- Born: March 13, 1926 Boston, Massachusetts, U.S.
- Died: February 11, 2026 (aged 99)
- Known for: Lesch-Nyhan syndrome
- Scientific career
- Fields: Medicine
- Institutions: UC San Diego School of Medicine, Johns Hopkins School of Medicine, University of Miami

= William Nyhan =

American physician (1926–2026)

William Leo Nyhan (March 13, 1926 – February 11, 2026) was an American physician best known as the co-discoverer of Lesch–Nyhan syndrome.

Nyhan later served as professor of pediatrics at University of California, San Diego School of Medicine in La Jolla, California. He held positions at Johns Hopkins School of Medicine and the Miller School of Medicine at the University of Miami, and served on a number of advisory committees, pediatric advisory boards, and research foundation boards.

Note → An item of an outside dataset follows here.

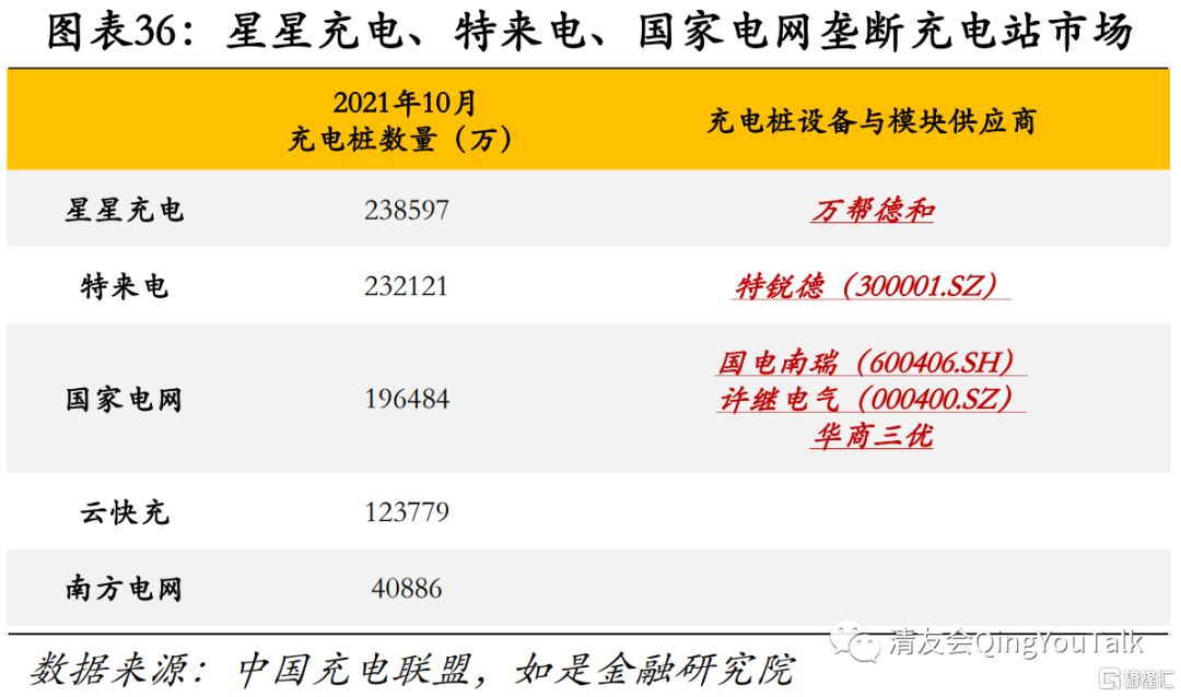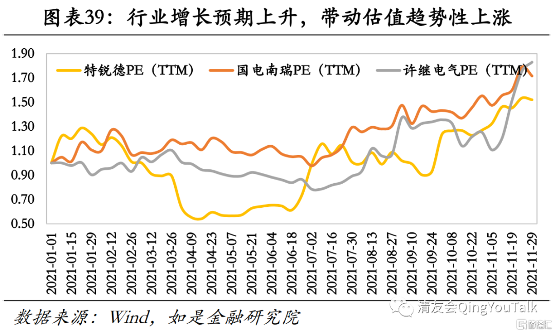 从资本市场表现来看,随新能源汽车带动充电桩市场需求走高,主要相关标的估值、业绩双增。从盈利能力看,充电桩产业链涉及主要标的受新能源汽车渗透率提升带动,净利润仍保持一定增速,国电南瑞、许继电气2021Q3对应净利润同比增长分别为24.0%、19.2%;特锐德受制于旗下充电桩运营商特来电市场份额遭星星充电、国家电网挤兑,前期充电桩铺量成本提升,2021Q3净利润同比-65.3%,但随充电桩前期成本回收叠加充电站高行业景气度,盈利能力有望收窄止跌。从资本市场估值来看,特锐德、国电南瑞、许继电气截至11月末年内PE(TTM)涨幅分别达52%、72%、83%,行业增长预期上升,带动估值趋势性上涨。

His areas of research spanned a variety of amino acid metabolism disorders, among them 4-hydroxybutyric aciduria, 3-methylglutaconyl-Co A hydratase deficiency, multiple carboxylase deficiency, methylmalonic acidemia, and propionic acidemia. He studied the neuropathology of propionic acidemia, including the manifestation of basal ganglia infarction and its neurologic, non-metabolic presentation. He later conducted research into the causes of progressive neurologic disability caused by methylmalonic acidemia following liver transplantation.

He was involved in the ongoing development of tandem mass spectrometry for use in newborn screening and research. In addition, he was investigating the use of dichloroacetate to treat a broad range of mitochondrial diseases that lead to lactic acidemia.

Nyhan died on February 11, 2026, at the age of 99.